[Dataset excerpts]:
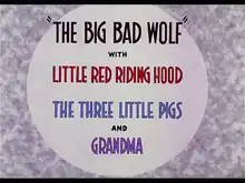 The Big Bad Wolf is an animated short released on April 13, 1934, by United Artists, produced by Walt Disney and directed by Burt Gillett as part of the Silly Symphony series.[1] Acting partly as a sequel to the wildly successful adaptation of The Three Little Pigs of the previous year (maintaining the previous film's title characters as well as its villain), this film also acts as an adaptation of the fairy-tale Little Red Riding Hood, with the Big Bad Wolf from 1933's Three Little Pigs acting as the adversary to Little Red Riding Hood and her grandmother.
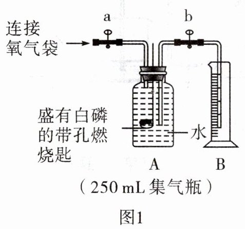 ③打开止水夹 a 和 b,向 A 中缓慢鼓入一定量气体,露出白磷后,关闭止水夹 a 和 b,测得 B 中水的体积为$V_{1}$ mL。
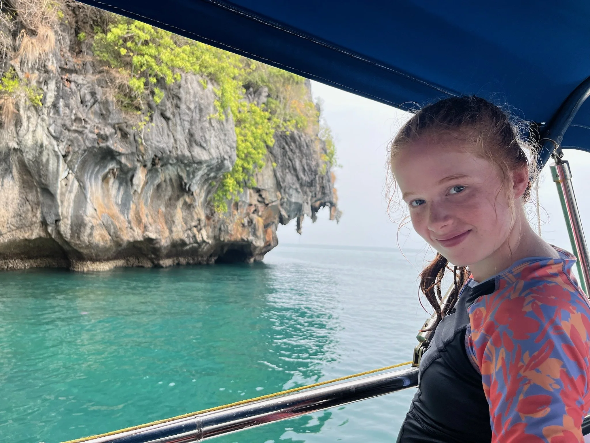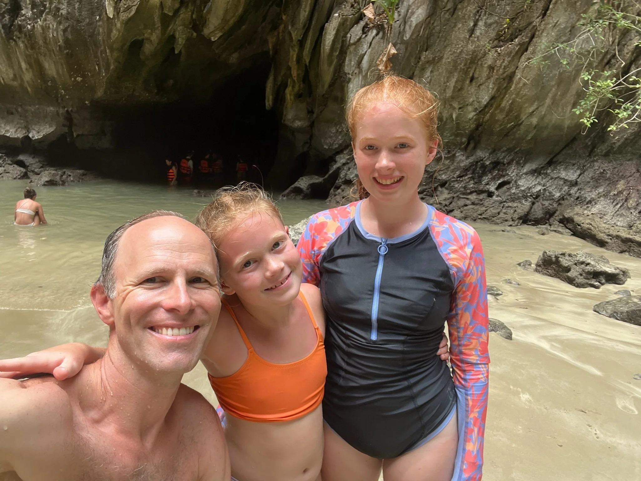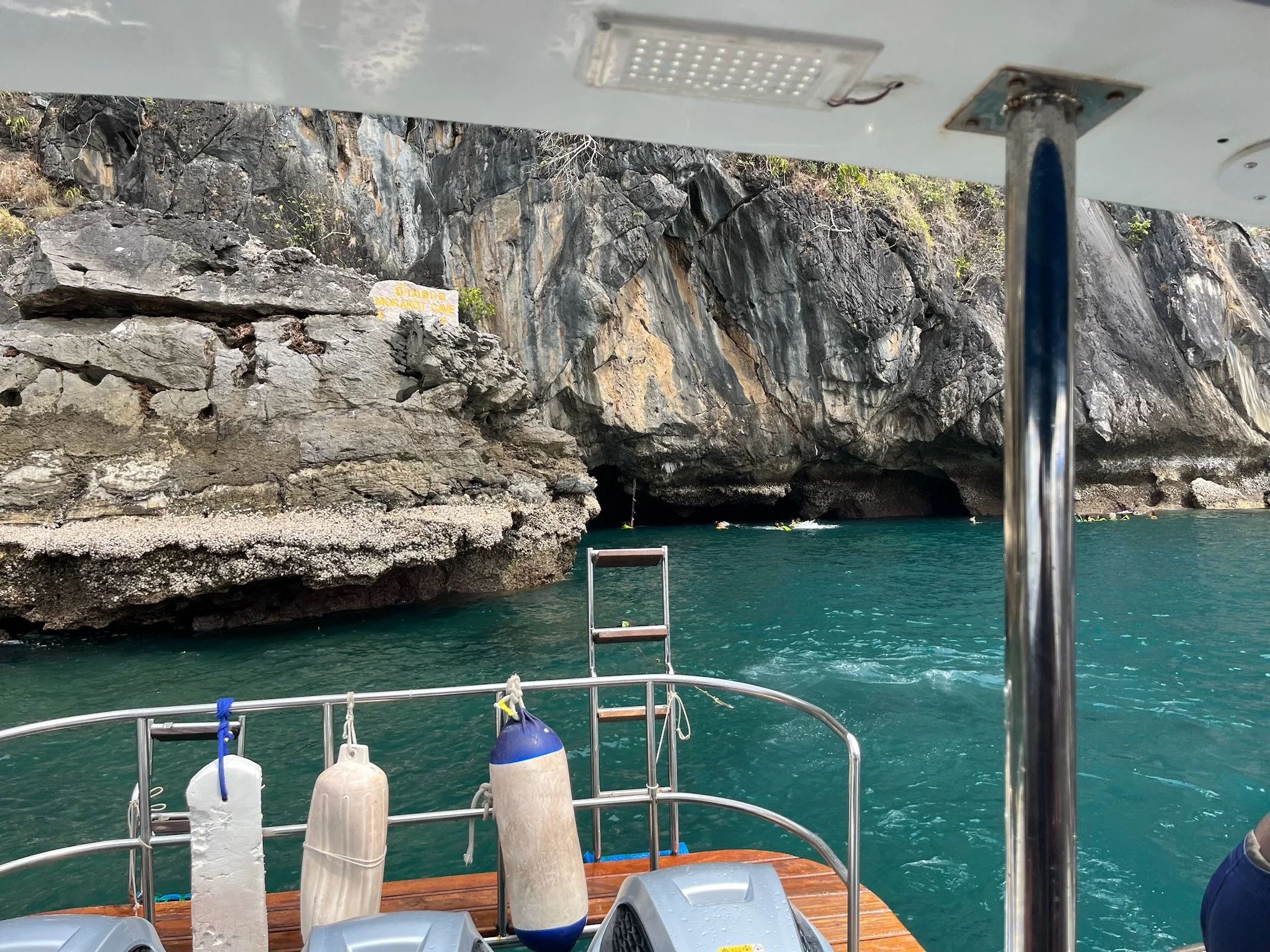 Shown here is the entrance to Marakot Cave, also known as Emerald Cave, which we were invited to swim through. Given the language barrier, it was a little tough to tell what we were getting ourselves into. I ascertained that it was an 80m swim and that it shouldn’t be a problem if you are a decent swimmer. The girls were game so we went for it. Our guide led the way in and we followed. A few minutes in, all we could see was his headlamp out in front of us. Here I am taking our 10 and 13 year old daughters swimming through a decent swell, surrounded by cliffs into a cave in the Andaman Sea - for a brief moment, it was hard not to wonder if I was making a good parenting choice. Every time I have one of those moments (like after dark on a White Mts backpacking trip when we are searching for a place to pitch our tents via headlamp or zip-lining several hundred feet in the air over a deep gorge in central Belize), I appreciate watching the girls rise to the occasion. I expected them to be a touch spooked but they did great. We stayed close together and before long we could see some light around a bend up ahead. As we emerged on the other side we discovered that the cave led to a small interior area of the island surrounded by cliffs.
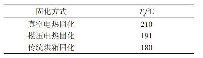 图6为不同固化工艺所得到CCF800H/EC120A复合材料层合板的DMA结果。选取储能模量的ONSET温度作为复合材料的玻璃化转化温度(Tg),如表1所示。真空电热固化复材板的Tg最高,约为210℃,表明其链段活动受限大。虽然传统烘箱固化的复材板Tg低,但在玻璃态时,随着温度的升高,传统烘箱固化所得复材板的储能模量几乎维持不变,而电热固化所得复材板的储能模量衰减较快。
==
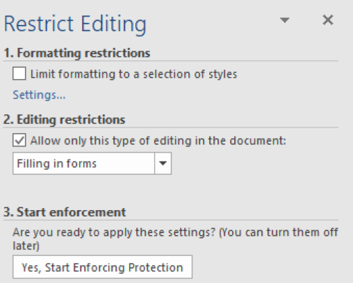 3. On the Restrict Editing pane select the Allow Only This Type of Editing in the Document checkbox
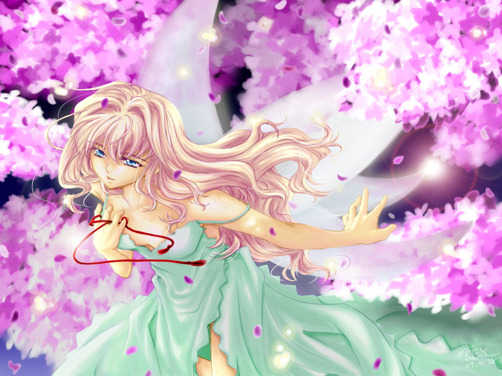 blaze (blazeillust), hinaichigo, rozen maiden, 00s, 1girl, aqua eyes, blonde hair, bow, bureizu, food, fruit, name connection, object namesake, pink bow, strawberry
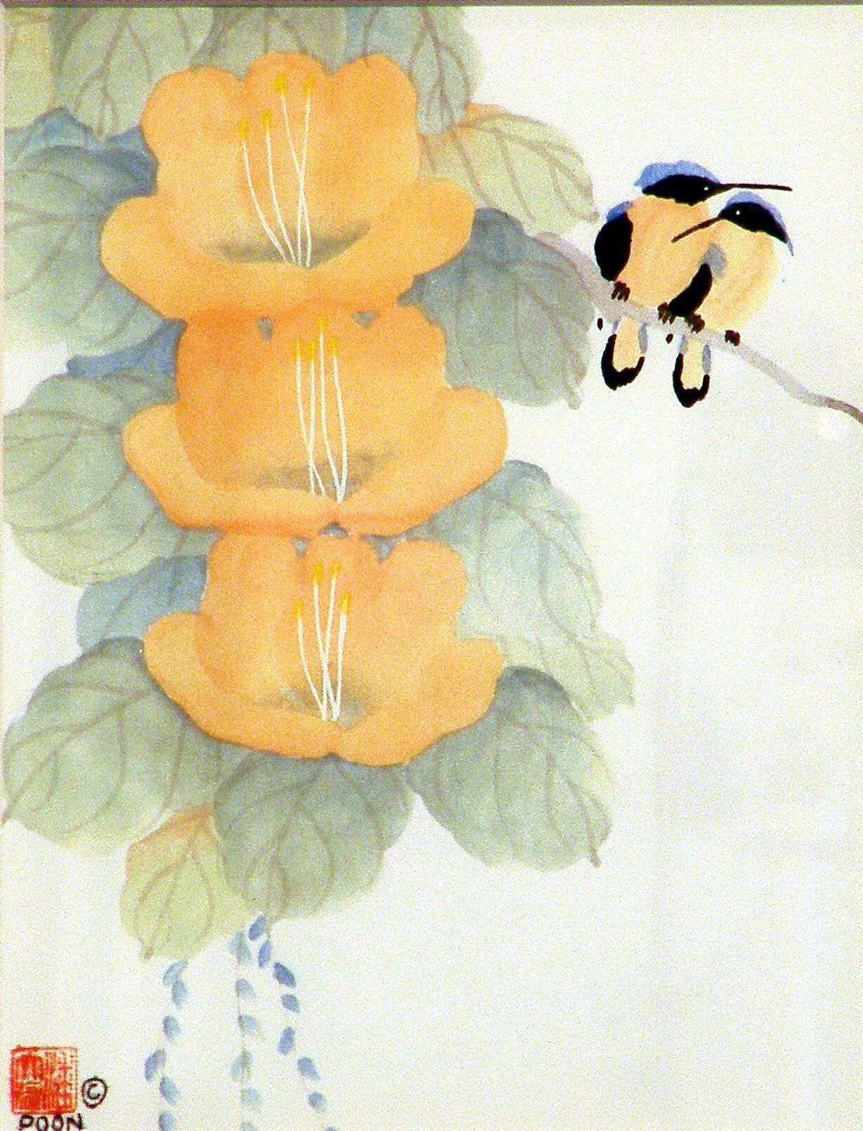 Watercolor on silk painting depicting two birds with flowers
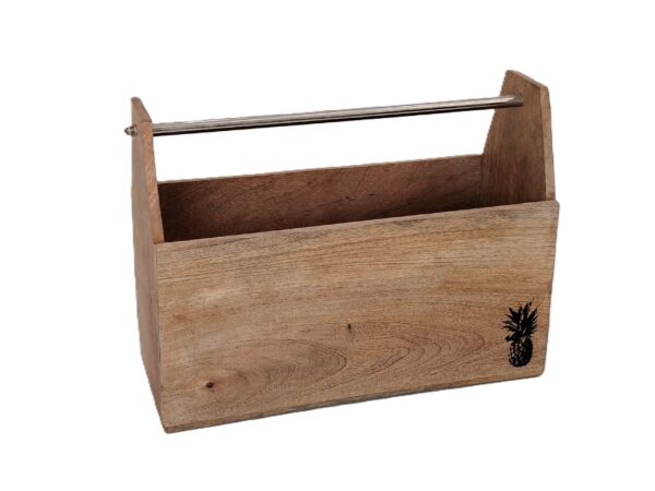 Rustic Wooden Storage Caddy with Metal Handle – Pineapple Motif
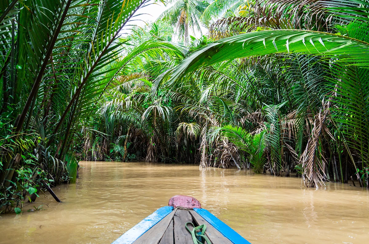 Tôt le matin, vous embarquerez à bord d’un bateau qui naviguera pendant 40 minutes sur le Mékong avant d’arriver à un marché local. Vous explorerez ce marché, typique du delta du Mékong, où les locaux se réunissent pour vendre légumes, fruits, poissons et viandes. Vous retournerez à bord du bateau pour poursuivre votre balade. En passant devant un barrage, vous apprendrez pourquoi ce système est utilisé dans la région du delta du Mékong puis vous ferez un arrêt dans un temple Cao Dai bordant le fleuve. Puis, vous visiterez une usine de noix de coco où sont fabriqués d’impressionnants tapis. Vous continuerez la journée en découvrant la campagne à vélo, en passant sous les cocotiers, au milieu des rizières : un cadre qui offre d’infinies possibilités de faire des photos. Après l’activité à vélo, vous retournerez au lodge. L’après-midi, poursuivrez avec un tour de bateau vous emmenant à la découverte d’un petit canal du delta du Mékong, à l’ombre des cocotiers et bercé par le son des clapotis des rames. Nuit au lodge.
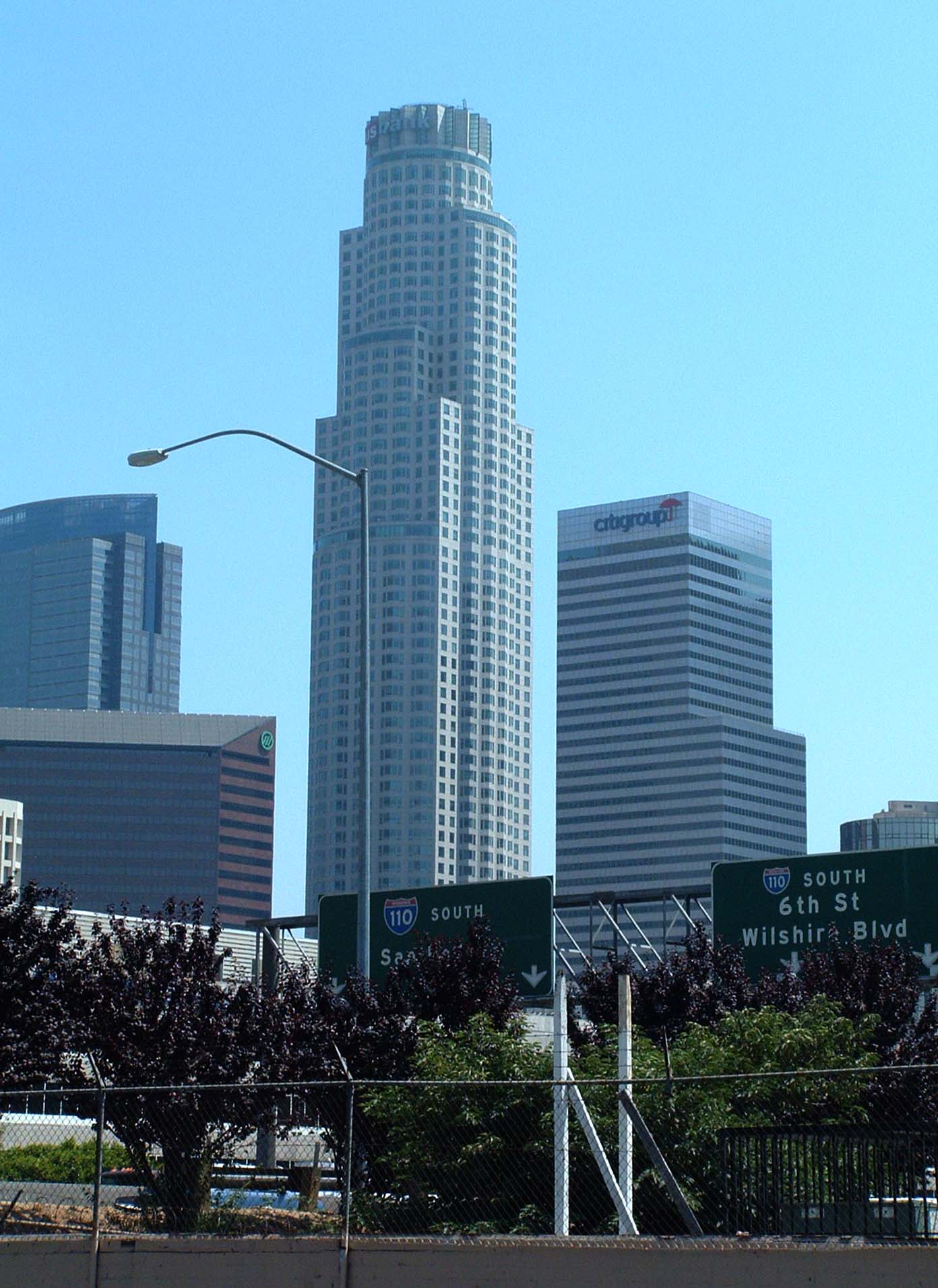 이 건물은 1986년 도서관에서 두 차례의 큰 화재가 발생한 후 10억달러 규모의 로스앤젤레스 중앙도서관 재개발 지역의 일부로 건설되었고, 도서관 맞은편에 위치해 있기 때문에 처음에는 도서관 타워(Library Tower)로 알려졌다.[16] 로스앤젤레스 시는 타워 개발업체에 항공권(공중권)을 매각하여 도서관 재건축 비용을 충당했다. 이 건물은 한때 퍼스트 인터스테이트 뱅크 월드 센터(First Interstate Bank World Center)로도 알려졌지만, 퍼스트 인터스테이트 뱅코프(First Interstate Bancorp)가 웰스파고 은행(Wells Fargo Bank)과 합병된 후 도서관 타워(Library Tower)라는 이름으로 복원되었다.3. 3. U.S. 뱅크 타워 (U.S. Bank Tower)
==
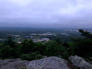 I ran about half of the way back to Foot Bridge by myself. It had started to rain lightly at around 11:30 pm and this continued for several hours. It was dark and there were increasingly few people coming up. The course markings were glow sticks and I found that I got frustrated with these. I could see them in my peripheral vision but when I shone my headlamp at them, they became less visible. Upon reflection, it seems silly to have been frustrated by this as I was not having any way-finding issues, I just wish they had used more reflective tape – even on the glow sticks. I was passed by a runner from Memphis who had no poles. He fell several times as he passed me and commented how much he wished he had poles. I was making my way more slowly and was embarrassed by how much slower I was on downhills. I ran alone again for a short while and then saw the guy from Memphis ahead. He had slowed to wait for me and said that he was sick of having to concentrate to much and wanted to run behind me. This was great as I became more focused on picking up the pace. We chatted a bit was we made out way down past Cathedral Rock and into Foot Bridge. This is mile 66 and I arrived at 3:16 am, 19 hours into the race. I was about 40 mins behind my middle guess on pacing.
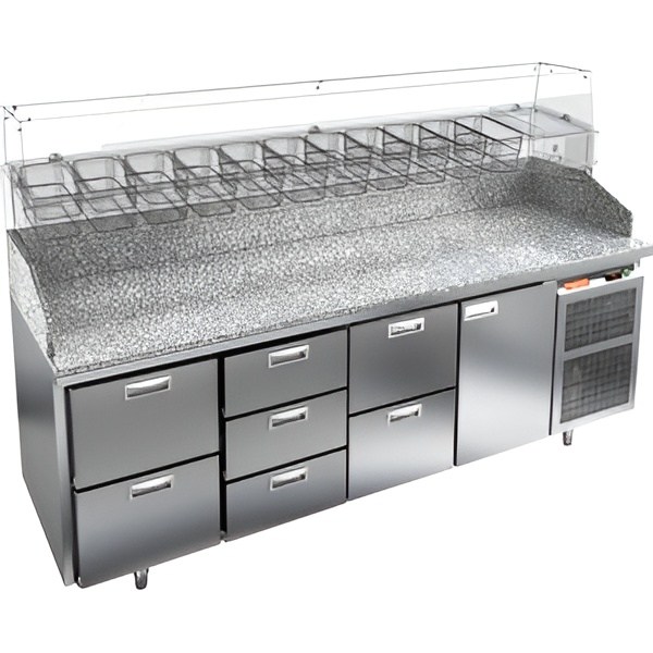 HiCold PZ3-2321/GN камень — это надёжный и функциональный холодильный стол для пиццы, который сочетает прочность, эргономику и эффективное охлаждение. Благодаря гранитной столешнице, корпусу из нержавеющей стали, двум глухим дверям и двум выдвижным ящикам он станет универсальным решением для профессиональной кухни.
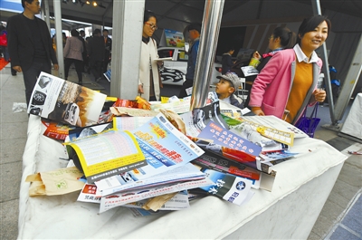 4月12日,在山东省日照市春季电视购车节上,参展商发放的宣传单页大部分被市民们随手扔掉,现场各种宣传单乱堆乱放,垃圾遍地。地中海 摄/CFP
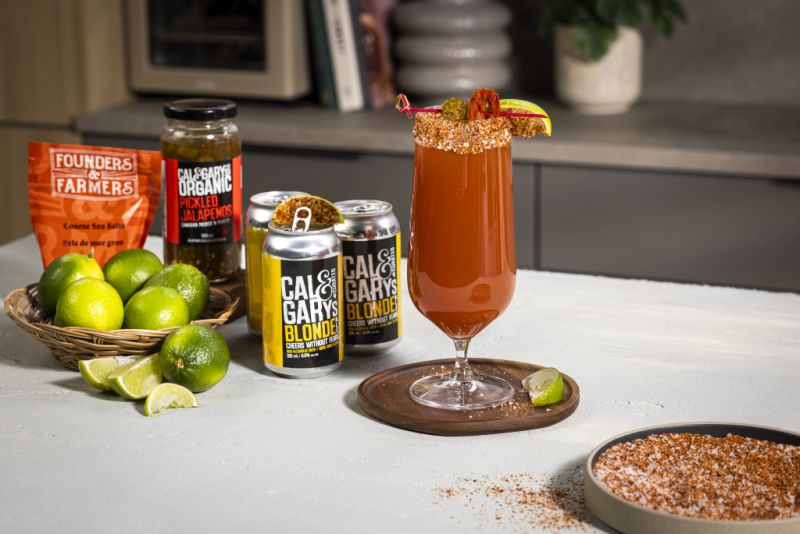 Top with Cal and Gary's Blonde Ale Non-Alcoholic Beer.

[Try it]:
Going by the data above, the answer is exactly the lines from the one holding "HiCold PZ3-2321/GN камень" to the one holding "Top with Cal", both kept, with the pictures left out.

[Task output]:
 HiCold PZ3-2321/GN камень — это надёжный и функциональный холодильный стол для пиццы, который сочетает прочность, эргономику и эффективное охлаждение. Благодаря гранитной столешнице, корпусу из нержавеющей стали, двум глухим дверям и двум выдвижным ящикам он станет универсальным решением для профессиональной кухни.
 4月12日,在山东省日照市春季电视购车节上,参展商发放的宣传单页大部分被市民们随手扔掉,现场各种宣传单乱堆乱放,垃圾遍地。地中海 摄/CFP
 Top with Cal and Gary's Blonde Ale Non-Alcoholic Beer.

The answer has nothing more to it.